To fight deadliest Taliban threat in Afghanistan, US troops go low-tech
To thwart militants in Afghanistan from planting roadside bombs, or IEDs, US soldiers are pleading with locals to alert them to threats. Air surveillance can be too imprecise and approval for airstrikes too slow in coming.
Kirsty Wigglesworth/AP
Combat Outpost JFM, Afghanistan
The metal detector was almost off the scale.
In front of a dusty track lay a five-foot-wide crater where an Afghan farmer had been killed by a roadside bomb. Scrap metal used for shrapnel was buried everywhere.
For the United States and coalition soldiers fighting the Taliban, every civilian the insurgents kill adds weight to the argument they repeat over and over: "The solution is to make the Taliban go away," Lt. Mark Morrison, a US platoon leader from Albany, N.Y., deployed in southern Afghanistan, told villagers. "That way you won't be in danger, and I won't be in danger."
Homemade bombs were the biggest source of coalition casualties last year, killing 275 out of 520 troops, and almost four times as many civilians.
But with the emphasis of the NATO campaign more firmly fixed than ever on avoiding civilian casualties, insurgents laying improvised explosive devices (IEDs) are usually long gone before confirmation of all the criteria needed to order an attack comes through.

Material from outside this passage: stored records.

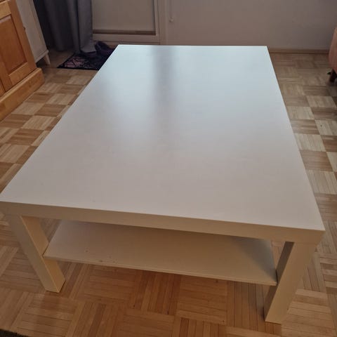 Annetaan hyväkuntoinen sohva pöytä uuden tilalta pois. Yhdessä nurkassa pientä kulumaa.
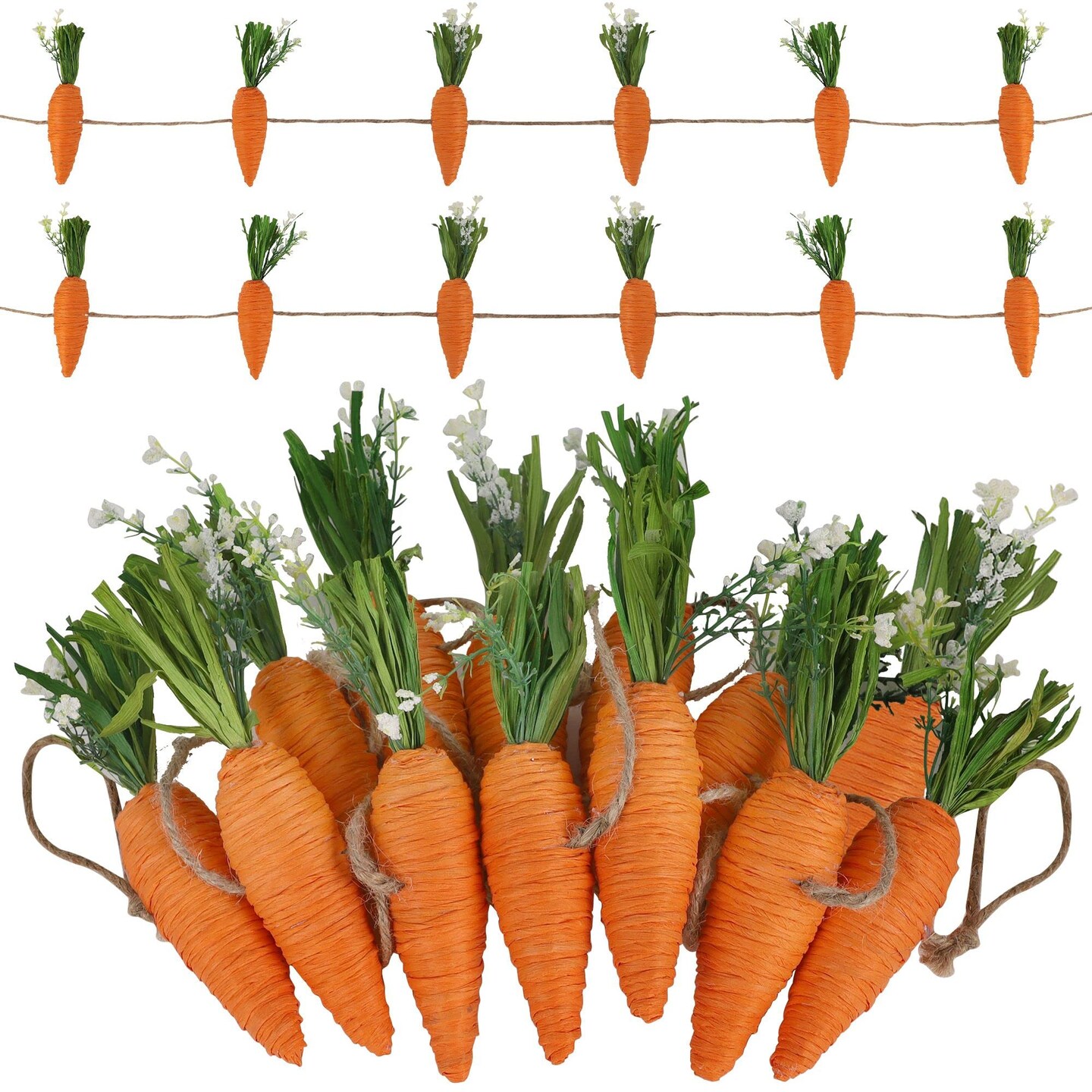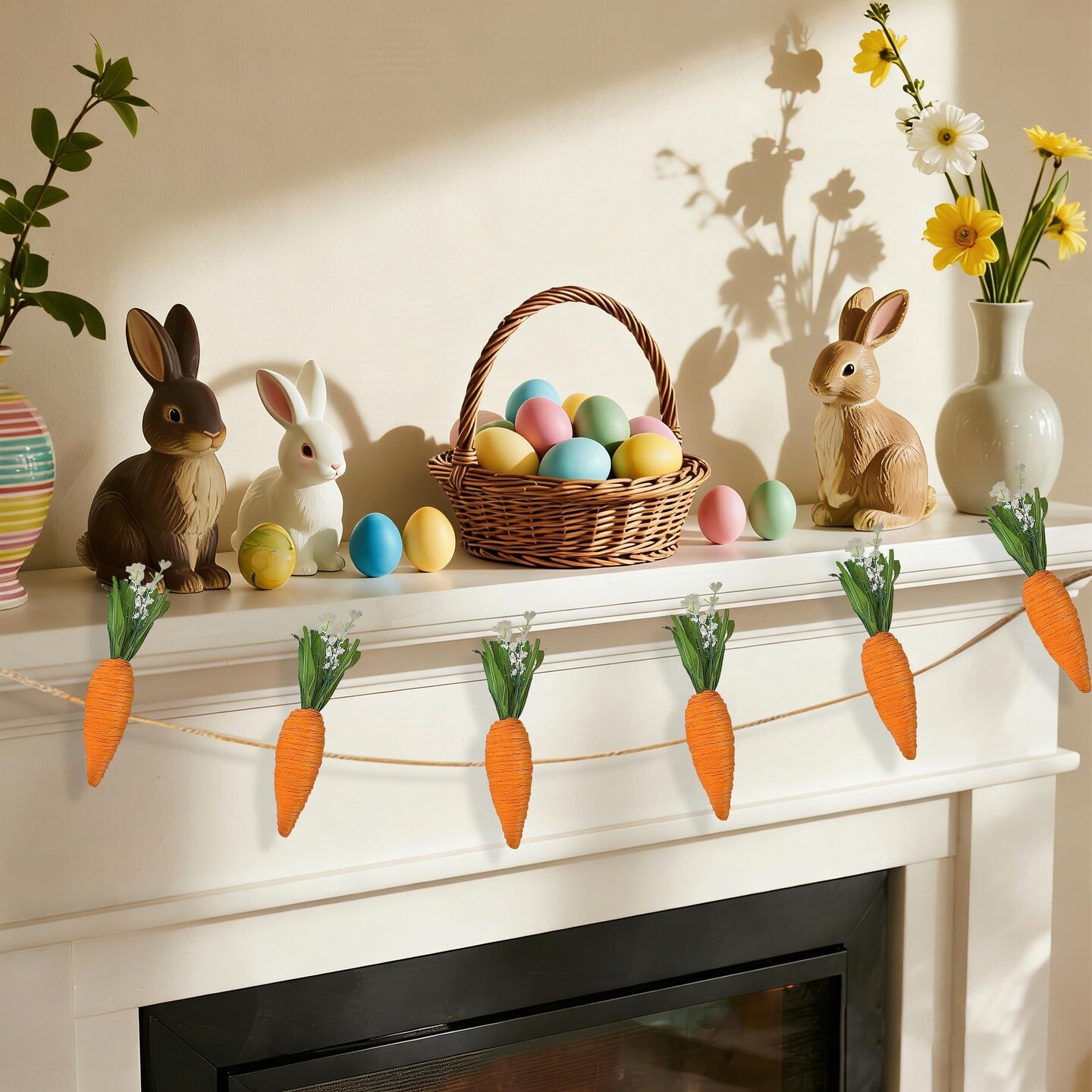 Easter Garland Decor, 12 Pcs Carrot Ornament for Mantel Decorations, 8.5 FT Hanging Artificial Carrots Garland Carrot Banner for Fireplace Home Kitchen Party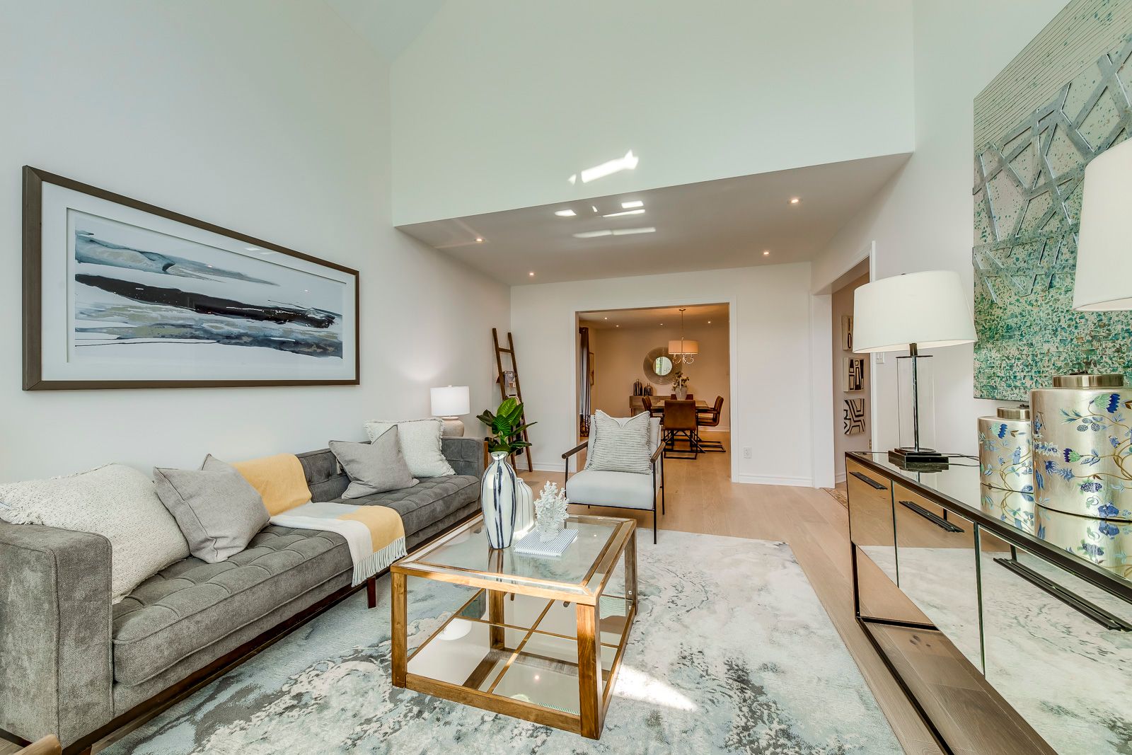 • Bright living room with vaulted ceilings and large windows for natural light.

Instead, foreign soldiers focus on cultivating relationships with villagers, trying to persuade them that homemade bombs are just as much a threat to farmers in their fields as they are to NATO soldiers on patrol, and that handing over the insurgents is the only solution. The idea is to beat the IED menace by winning hearts and minds.
"We need your help," Morrison (2nd platoon, Charlie Company, 1st Battlion, 12th Infantry Regiment) told a group of Afghan farmers on a recent patrol. "I know how to kill the Taliban – we are very, very good at that. What I need your help with is finding where they come from and where they go to. You need to tell me who doesn't belong with you."
It was phrase he repeated to anyone he stopped to talk to. Making a common cause with the civilians whose support is crucial to the counterinsurgency campaign is an obvious ploy. Only by squeezing the Taliban out of the civilian populations where they hide will NATO be able to push them to the negotiating table, as the architects of US and coalition strategy envision. At a conference in London this week, talk also focused on reaching out to rank-and-file Taliban fighters who might not be ideologically committed to the fight.
But persuading Afghans whose only priority is survival to take a stand is also time-consuming and relentlessly frustrating. Although several civilians had been killed by homemade bombs in Morrison's operations area in Zhari, a volatile district in southern Kandahar Province, few seem ready to risk standing up to the Taliban. Some villagers do oblige; far more profess ignorance of the insurgents' doings or blatantly lie.
Using “night letters,” the insurgents threaten to behead anyone who talks to foreign soldiers. According to locals, they have spies in each village keeping vigil. Laborers in the fields neither want to be seen talking to NATO patrols alone nor questioned in a large group when one of their number may be a Taliban informant. "I have no problem with you guys," one villager says. "But we are scared of the bad guys. They kill innocent people if they see them giving information."
For soldiers engaged in gun battles with the insurgents almost every day, this equivocation is understandable but exasperating.
Says Morrison: "I think more people need to be killed by IEDs before they'll believe ... that the threat is really to everyone.”